Working with gzipped data in S3


Recently I had to deal with a dataset of hundreds of .tar.gz files dumped in an IBM Cloud Object Storage (IBM CleverSafe) accessible via an S3 API. Since I had to process not all but just a subset of files contained in each archive, I wanted to avoid unpacking everything (and actually, I did not have enough storage capacity to do that anyway as the dataset was really massive).

I came up with a couple of handy Python functions, which allow me to inspect individual archives and do in-memory extracts of specific files, and I decided to share them in this post.

First and foremost, to access the S3 storage I use Boto – a Python interface to AWS.

Connecting to the S3 storage is fairly trivial:

import boto
import boto.s3.connection
access_key = "my_access_key"
secret_key = "my_secret_key"
bucket = "bucket_name"
host = "host_name"

conn = boto.connect_s3(
        aws_access_key_id = access_key,
        aws_secret_access_key = secret_key,
        host = host,
        calling_format = boto.s3.connection.OrdinaryCallingFormat(),
        )

# Set up the credentials and endpoint for the IBM Cloud Object Storage connector
hconf = sc._jsc.hadoopConfiguration()
hconf.set("fs.s3d.service.endpoint", "https://" + host)
hconf.set("fs.s3d.service.access.key", access_key)
hconf.set("fs.s3d.service.secret.key", secret_key)
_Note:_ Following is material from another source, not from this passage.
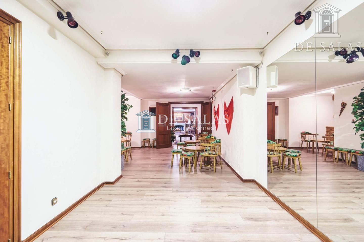 Junto a la bodega una curiosa sala que hizo en su día las alegrías de los más jóvenes de la casa, una mezcla entre discoteca, gimnasio y tablao flamenco con sus mesas y sillas incluidas para poder tomar algo mientras escuchamos música. Aquí también encontramos un cuarto que hace las funciones de una gran despensa, otro cuarto trastero y el cuarto de calderas, además del garaje con capacidad para 4 coches y la zona de vestuarios y cuarto de baño para dar servicio a la piscina.

b = conn.get_bucket(bucket)

Once we have the bucket, we can confirm that we can read files from it by printing the file names of say the first 10 files.

for key in islice(b.list(), 10):
    print(key.name)
data/logdump_2017-05-01.tsv.gz
data/logdump_2017-05-02.tsv.gz
data/logdump_2017-05-03.tsv.gz
data/logdump_2017-05-04.tsv.gz
data/logdump_2017-05-05.tsv.gz
data/logdump_2017-05-06.tsv.gz
data/logdump_2017-05-07.tsv.gz
data/logdump_2017-05-08.tsv.gz
data/logdump_2017-05-09.tsv.gz
data/logdump_2017-05-10.tsv.gz
...

Now that we have access to the bucket, we can define a simple helper function that returns a BytesIO object for a file in the bucket. This allows us to manipulate the file in an in-memory buffer.
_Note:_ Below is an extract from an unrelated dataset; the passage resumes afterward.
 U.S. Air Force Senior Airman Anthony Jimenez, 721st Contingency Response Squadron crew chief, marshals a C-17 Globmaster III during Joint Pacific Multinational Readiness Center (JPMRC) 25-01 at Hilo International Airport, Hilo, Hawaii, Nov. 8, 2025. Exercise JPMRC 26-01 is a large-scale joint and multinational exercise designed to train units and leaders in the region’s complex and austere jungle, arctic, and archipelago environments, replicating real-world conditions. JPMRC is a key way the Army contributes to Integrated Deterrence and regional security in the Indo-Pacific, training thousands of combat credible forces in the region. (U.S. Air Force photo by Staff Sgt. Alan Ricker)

# Gets a file object from the S3 bucket
def get_file_object(bucket, file_name):
    # Get a file from the bucket
    # and return its contents as BytesIO object
    k = Key(bucket)
    k.key = file_name
    fileobj = BytesIO(k.get_contents_as_string())
    return fileobj

We can then use the BytesIO object to read the archive a show it contents without unpacking it. This will be done a second helper function:

# Lists all files stored in an archive
def list_files_in_archive(fileobj):
    # Open the archive
    tarf = tarfile.open(fileobj=fileobj)
    names = tarf.getnames()
    return names

Combing the two functions allows us to peek inside an archive and see the name of the files contained within.
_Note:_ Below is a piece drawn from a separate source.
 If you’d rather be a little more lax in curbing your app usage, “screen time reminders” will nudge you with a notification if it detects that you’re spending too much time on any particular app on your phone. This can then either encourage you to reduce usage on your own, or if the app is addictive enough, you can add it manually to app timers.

fileobj = get_file_object(b, "data/logdump_2017-05-01.tsv.gz")
list_files_in_archive(fileobj)
['monitoring.tsv',
 'sources.tsv',
 'events.tsv',
 'messages.tsv',
 'aux_data.tsv',
 ...
 'applied_policies.tsv']

We can easily put together a third function that receives an archive file (as a BytesIO object) and a name of a file contained inside the archive. The function then loads the data from the file by doing all the extraction in memory.

# Reads a lookup file from an archive (fileobj)
def get_from_archive(fileobj, compressed_file):
    # Open the archive
    tarf = tarfile.open(fileobj=fileobj)
    
    # Get the file of interest
    compressed = tarf.extractfile(compressed_file)

    # Parse as TSV and return the results
    data = pd.read_csv(compressed,sep="\t")  
    return data

get_from_archive(fileobj, "events.tsv")

Using combinations of these three functions, we can easily loop over all of the .tar.gz files and load the data from the .tsv files of interest on the fly, without wasting any storage space.